**DATASET RECORDS**

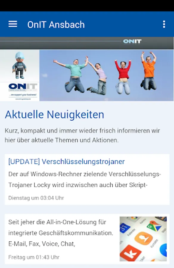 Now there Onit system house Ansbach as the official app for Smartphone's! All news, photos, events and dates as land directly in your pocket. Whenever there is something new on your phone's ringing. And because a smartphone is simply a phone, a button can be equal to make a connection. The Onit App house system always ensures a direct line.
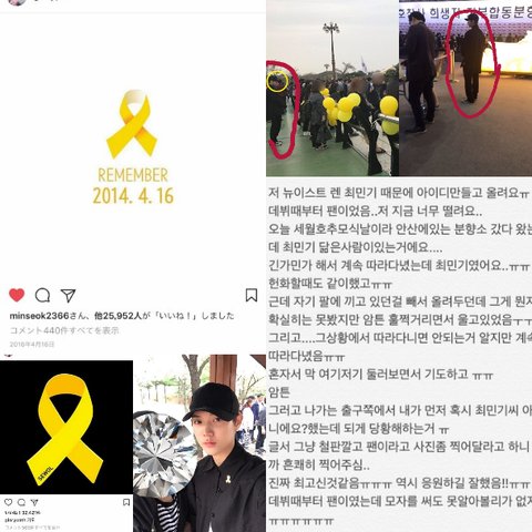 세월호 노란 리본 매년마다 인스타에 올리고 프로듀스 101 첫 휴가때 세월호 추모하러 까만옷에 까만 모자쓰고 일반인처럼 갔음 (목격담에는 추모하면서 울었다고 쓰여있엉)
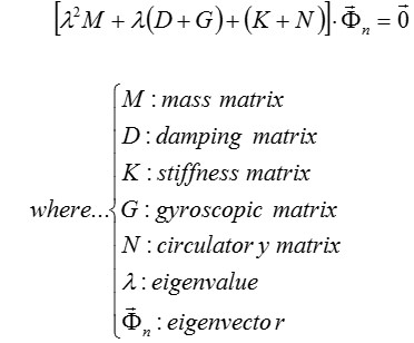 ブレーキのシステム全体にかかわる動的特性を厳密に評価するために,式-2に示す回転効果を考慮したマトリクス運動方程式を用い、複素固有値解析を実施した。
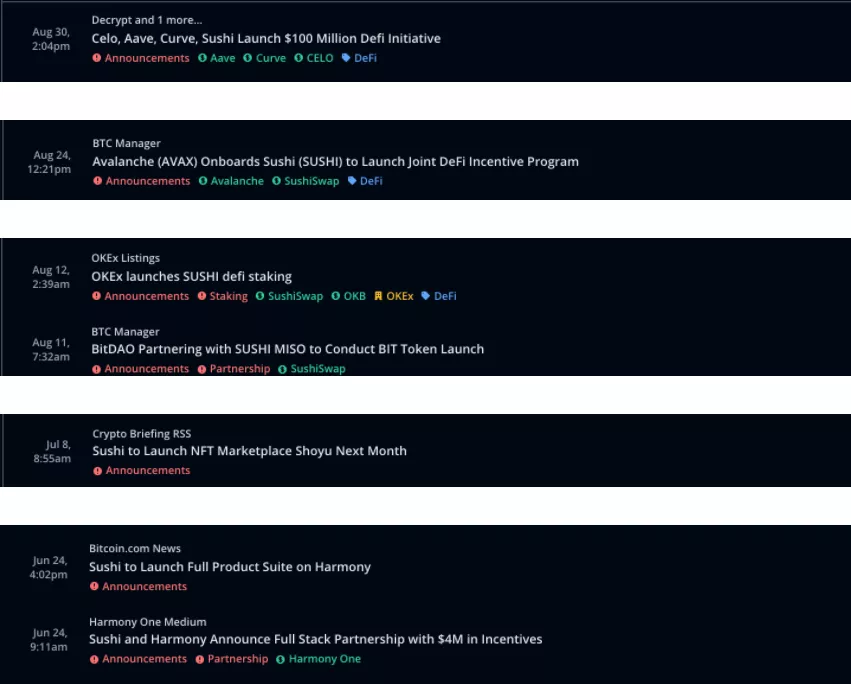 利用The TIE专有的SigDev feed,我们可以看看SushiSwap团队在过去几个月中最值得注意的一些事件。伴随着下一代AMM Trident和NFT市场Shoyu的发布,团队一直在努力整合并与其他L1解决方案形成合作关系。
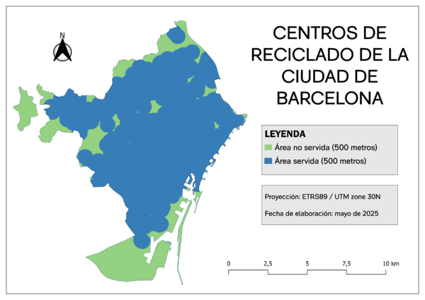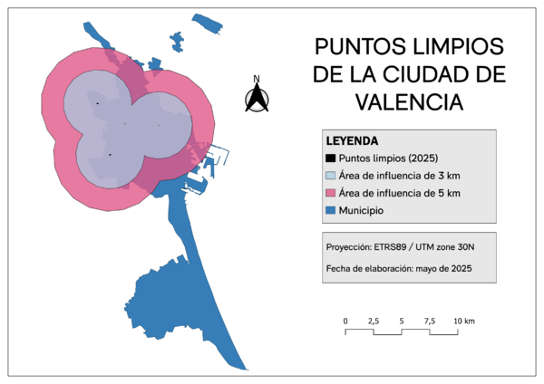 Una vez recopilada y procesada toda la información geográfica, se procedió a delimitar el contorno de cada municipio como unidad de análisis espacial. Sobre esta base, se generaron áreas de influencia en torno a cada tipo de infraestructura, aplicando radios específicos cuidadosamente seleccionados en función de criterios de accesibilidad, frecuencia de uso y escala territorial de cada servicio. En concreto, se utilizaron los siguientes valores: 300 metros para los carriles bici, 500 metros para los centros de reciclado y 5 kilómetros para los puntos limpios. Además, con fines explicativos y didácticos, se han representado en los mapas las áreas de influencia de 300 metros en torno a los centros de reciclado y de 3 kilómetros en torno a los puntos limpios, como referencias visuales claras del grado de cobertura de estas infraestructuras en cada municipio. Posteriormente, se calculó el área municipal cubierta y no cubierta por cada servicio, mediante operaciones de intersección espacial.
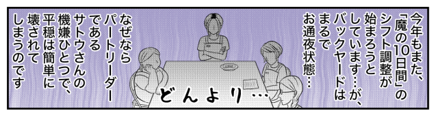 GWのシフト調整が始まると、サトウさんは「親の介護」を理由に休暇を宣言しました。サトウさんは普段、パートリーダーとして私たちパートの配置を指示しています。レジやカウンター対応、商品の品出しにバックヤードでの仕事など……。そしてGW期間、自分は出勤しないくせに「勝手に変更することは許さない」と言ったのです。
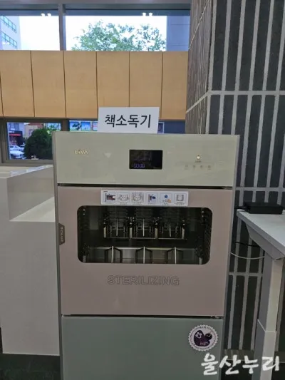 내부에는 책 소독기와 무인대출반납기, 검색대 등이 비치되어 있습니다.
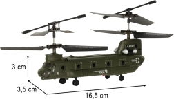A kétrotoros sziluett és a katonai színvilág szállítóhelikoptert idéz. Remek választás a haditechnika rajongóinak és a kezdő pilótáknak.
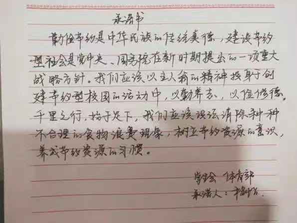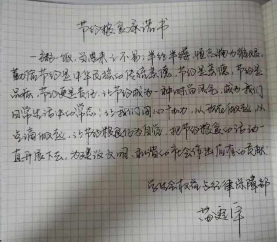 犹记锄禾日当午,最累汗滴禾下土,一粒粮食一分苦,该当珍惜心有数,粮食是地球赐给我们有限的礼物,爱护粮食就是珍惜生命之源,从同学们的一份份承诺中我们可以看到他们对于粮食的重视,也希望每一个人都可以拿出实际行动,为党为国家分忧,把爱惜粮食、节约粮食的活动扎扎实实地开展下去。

**WHAT YOU ARE ASKED TO DO**
Give back the material above word for word; no picture belongs in it.

**WRITTEN SOLUTION**
 Now there Onit system house Ansbach as the official app for Smartphone's! All news, photos, events and dates as land directly in your pocket. Whenever there is something new on your phone's ringing. And because a smartphone is simply a phone, a button can be equal to make a connection. The Onit App house system always ensures a direct line.
 세월호 노란 리본 매년마다 인스타에 올리고 프로듀스 101 첫 휴가때 세월호 추모하러 까만옷에 까만 모자쓰고 일반인처럼 갔음 (목격담에는 추모하면서 울었다고 쓰여있엉)
 ブレーキのシステム全体にかかわる動的特性を厳密に評価するために,式-2に示す回転効果を考慮したマトリクス運動方程式を用い、複素固有値解析を実施した。
 利用The TIE专有的SigDev feed,我们可以看看SushiSwap团队在过去几个月中最值得注意的一些事件。伴随着下一代AMM Trident和NFT市场Shoyu的发布,团队一直在努力整合并与其他L1解决方案形成合作关系。
 Una vez recopilada y procesada toda la información geográfica, se procedió a delimitar el contorno de cada municipio como unidad de análisis espacial. Sobre esta base, se generaron áreas de influencia en torno a cada tipo de infraestructura, aplicando radios específicos cuidadosamente seleccionados en función de criterios de accesibilidad, frecuencia de uso y escala territorial de cada servicio. En concreto, se utilizaron los siguientes valores: 300 metros para los carriles bici, 500 metros para los centros de reciclado y 5 kilómetros para los puntos limpios. Además, con fines explicativos y didácticos, se han representado en los mapas las áreas de influencia de 300 metros en torno a los centros de reciclado y de 3 kilómetros en torno a los puntos limpios, como referencias visuales claras del grado de cobertura de estas infraestructuras en cada municipio. Posteriormente, se calculó el área municipal cubierta y no cubierta por cada servicio, mediante operaciones de intersección espacial.
 GWのシフト調整が始まると、サトウさんは「親の介護」を理由に休暇を宣言しました。サトウさんは普段、パートリーダーとして私たちパートの配置を指示しています。レジやカウンター対応、商品の品出しにバックヤードでの仕事など……。そしてGW期間、自分は出勤しないくせに「勝手に変更することは許さない」と言ったのです。
 내부에는 책 소독기와 무인대출반납기, 검색대 등이 비치되어 있습니다.
A kétrotoros sziluett és a katonai színvilág szállítóhelikoptert idéz. Remek választás a haditechnika rajongóinak és a kezdő pilótáknak.
 犹记锄禾日当午,最累汗滴禾下土,一粒粮食一分苦,该当珍惜心有数,粮食是地球赐给我们有限的礼物,爱护粮食就是珍惜生命之源,从同学们的一份份承诺中我们可以看到他们对于粮食的重视,也希望每一个人都可以拿出实际行动,为党为国家分忧,把爱惜粮食、节约粮食的活动扎扎实实地开展下去。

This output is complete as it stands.